Ancak bütün bu yapısal görüntünün arkasında vatandaş ne yazık ki somut bir hizmet, çözüm ya da gelişim göremiyor. Üstelik halkın da genel olarak bu duruma karşı suskun kalması, sorgulamaması ve irdelememesi, sorunların daha da derinleşmesine zemin hazırlıyor.
Kentte, son yıllarda liyakat yerine aidiyetin; proje yerine söylemin, iş üretmek yerine imaj çalışmasının öne çıktığı bir tabloyla karşı karşıyayız.
Bürokrasi kendi içine kapanmış durumda. Kurum müdürlerinin önemli bir kısmı, halkla iletişim kurmaktan, sahaya inmekten, sorumluluk almaktan uzak. Oysa kamu yöneticiliği, sadece evrak düzenlemek değil, vatandaşı duymak ve sorunlara çözüm üretmektir.
Siyasi temsil makamları da aynı şekilde halktan kopuk. Seçim dönemlerinde büyük vaatlerle sahne alan isimler, sandıklar kapandıktan sonra adeta görünmez oluyor. Ankara’nın koridorlarında fotoğraf vermekle şehir yönetilmez. Niğde’nin, halkının gündelik ihtiyaçlarını bilen ve çözüm üretebilen bir siyasal iradeye ihtiyacı var. Bugün vatandaşın ortak kanaati net: Sorunlar büyüyor ama muhatap bulmak zorlaşıyor.
Şehirde her gün yeni bir tabela açılıyor, ancak arkasında gerçek bir yatırım, sürdürülebilir bir plan ya da etkili bir hizmet yok. Halk, açıklamalarla değil, somut adımlarla ikna olmak istiyor. Yatırımların, projelerin ve icraatlarını vitrinden çıkıp sokağa inmesi gerekiyor. Zira vatandaş artık süslü cümleler değil, sonuç görmek istiyor.

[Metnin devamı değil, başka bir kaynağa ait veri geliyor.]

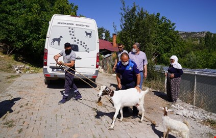 Belediye ekiplerinden yeni hayvanlarını teslim alan Hüseyin
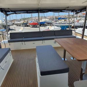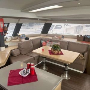 Step into spacious, light-filled cabins designed for maximum comfort. The expansive saloon is both practical and elegant, featuring a convertible sofa area and a well-appointed galley. With ample storage throughout, you’ll find every corner of this catamaran thoughtfully designed.
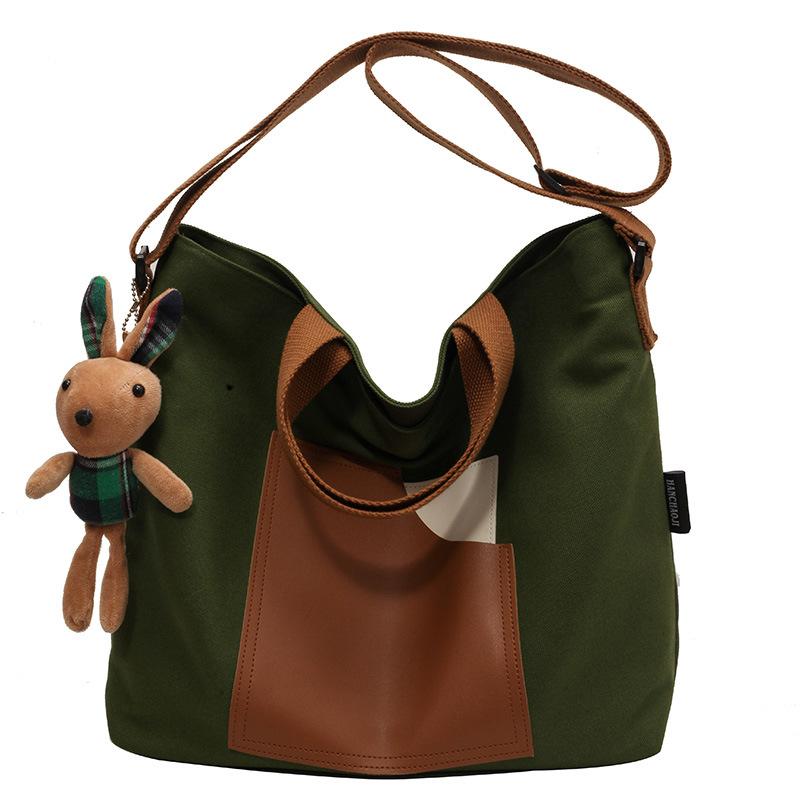 Контрастная холщовая сумка Портативная большая сумка Повседневная сумка через плечо зелёный

Niğde; potansiyeli olan, tarihi, kültürel ve stratejik açıdan önemli bir şehir. Ancak bu potansiyeli harekete geçirecek bir vizyon eksikliği açıkça hissediliyor. Herkesin aynı soruyu sorduğu bir dönemdeyiz: “Bu şehirde kim gerçekten çalışıyor?”
Bugün Niğde’nin en büyük ihtiyacı, işini bilen, halkla bağ kurabilen, şeffaf, hesap verebilir ve sonuç odaklı yöneticilerdir. Hem bürokraside hem siyasette bu anlayışın hakim olmadığı her dönemde, şehir sadece zaman değil, fırsat da kaybetmeye devam edecektir.

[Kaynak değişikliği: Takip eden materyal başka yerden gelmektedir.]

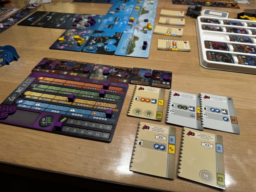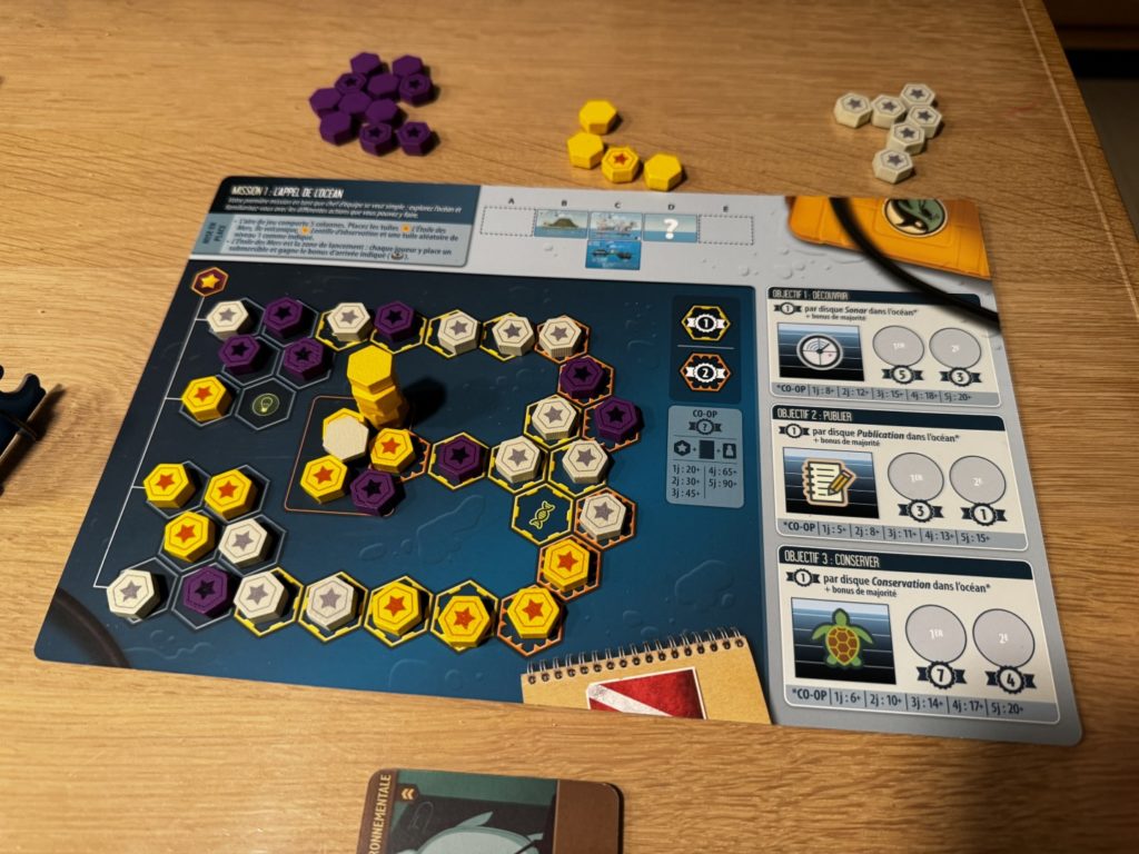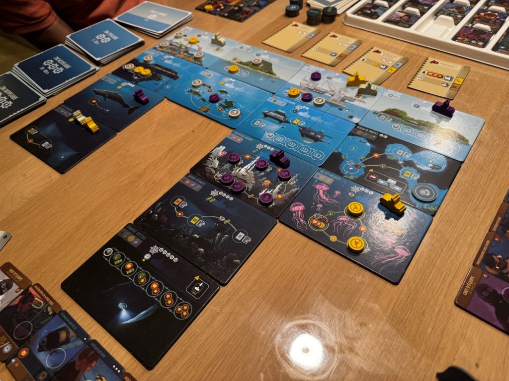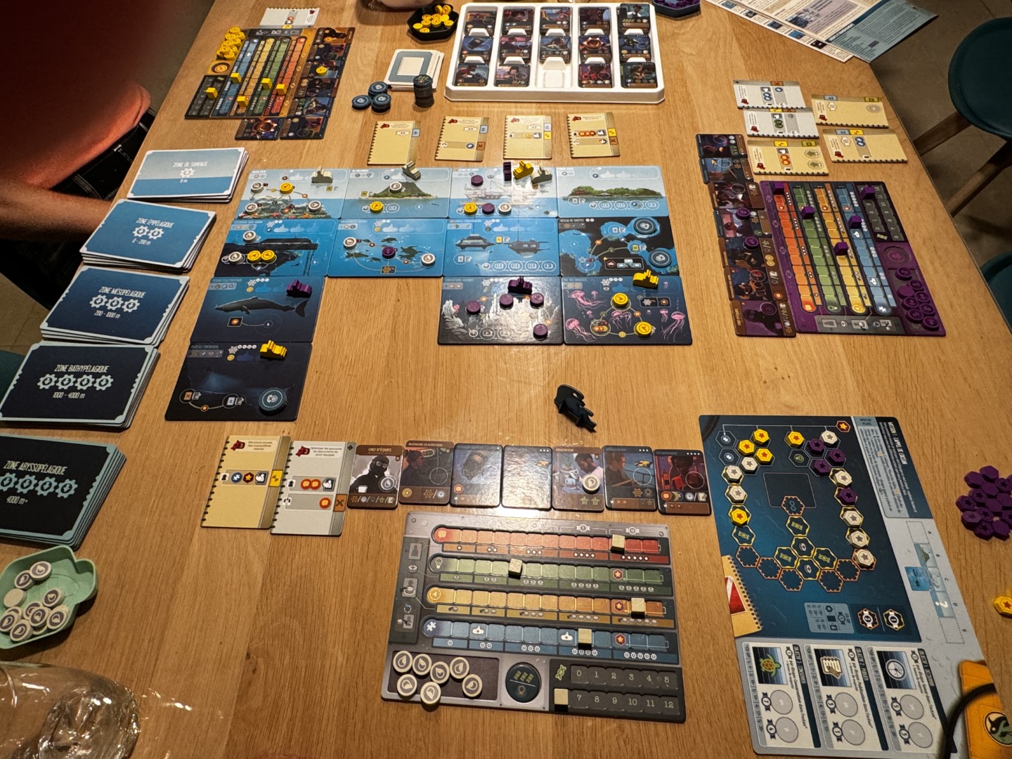 Le jeu n’est pas révolutionnaire: attributs de revenus, des spécialistes de niveaux différents qui permettent de faire une ou deux actions activables via des jetons actions qu’il faut donc bien gérer, un plateau central évolutif sur lequel ses submersibles pourront se déplacer pour effectuer les actions.
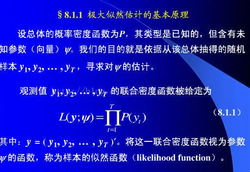 当从模型总体随机抽取n组样本观测值后,最合理的参数估计量应该使得从模型中抽取该n组样本观测值的概率最大。打个比方:一个袋子中有20个球,只有黑白两色,有放回的抽取十次,取出8个黑球和2个白球,计算袋子里有白球黑球各几个。那么我会认为我所抽出的这个样本是被抽取的事件中概率最大的。p(黑球=8)=p^8*(1-p)^2,让这个值最大。极大似然法就是基于这种思想。
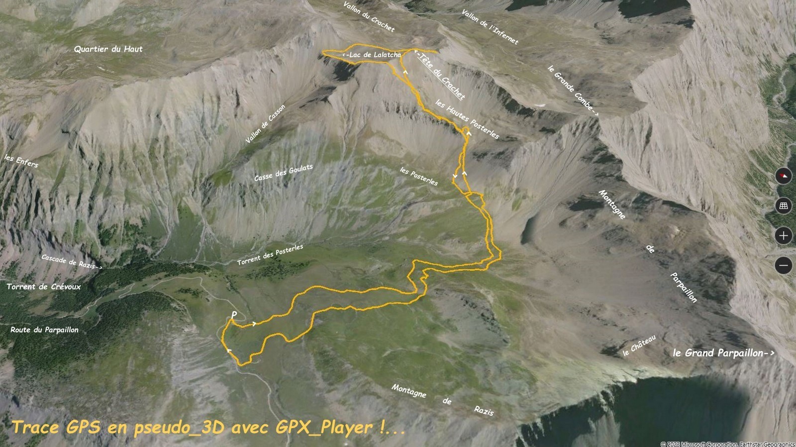 Tête du Crachet, 2919m, par les 2 rives des Torrents de Crévoux et des Posterles, les Posterles & les Hautes Posterles, retour par le tour du vallon & Lac de Lalatcha , depuis l'épingle à 2230m / Route du Parpaillon / Croix de Razis, Crévoux, 05.Randonnée PédestreTrace cachée

Kurumlar halka karşı sorumludur. Makamlar, kişisel konfor alanları değil, kamuya hizmet üretme yeridir. Bu temel ilke unutuldukça, sorunlar büyür, güven azalır, aidiyet zayıflar.
Niğde’nin buna daha fazla tahammülü kalmadı. Artık laf değil, iş zamanı.